Three dimensional CT reconstruction of a knee joint
showing the bony outlines very clearly
However it is damage to the extensive soft tissues within the knee that can cause more subtle problems and these sometimes can be a little more difficult to immediately diagnose.
Frequently the knee swells up significantly due to bleeding, movement is restricted and weight bearing is painful or impossible. In these cases the plain x-rays may well be normal.
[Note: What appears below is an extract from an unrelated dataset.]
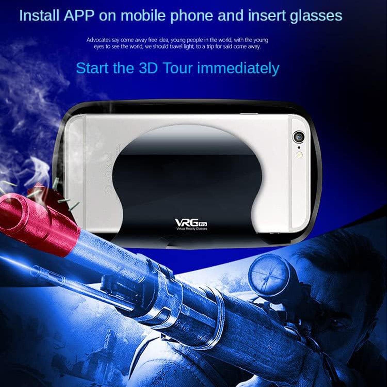 VR Headset with detachable large screen frame supports mobile phones from small to 5-7 inches. Independent lens and pupil/object distance adjustments allow myopia users. The 120-degree wide-angle lens offers immersive experience. Pair with a handle for panoramic 3D world. Removable, soft sponge eye mask fits comfortably and is easy to clean. Lightweight design and sleek appearance make it easy to carry.

However the menisci can be torn as mentioned above and cause problems of giving way and pain, the collateral ligaments can be stretched or torn causing pain and weakness on the sides of the knee and the cruciate ligaments can be ruptured causing instability between the femur and the tibia. In addition as a result of a nasty twisting injury of the knee the end of the thigh bone can also be forcibly squashed down on the top of the tibia causing damage to the normally smooth articular cartilage within the joint. Physiotherapy is a very important treatment modality for all knee injuries and sometimes this is all that is required. If symptoms persist then surgery is an option and recovery times will vary depending on the exact extent and nature of the injury.
In order to help outline which structures are damaged further imaging in the way of magnetic resonance imaging (MRI) is often required. This is a very safe way of gaining detailed information about the knee and takes about 20 minutes in a scanner. There are high quality MR scanners at the Chelmsford Medical Centre, the Capio Springfield Hospital and Broomfield Hospital.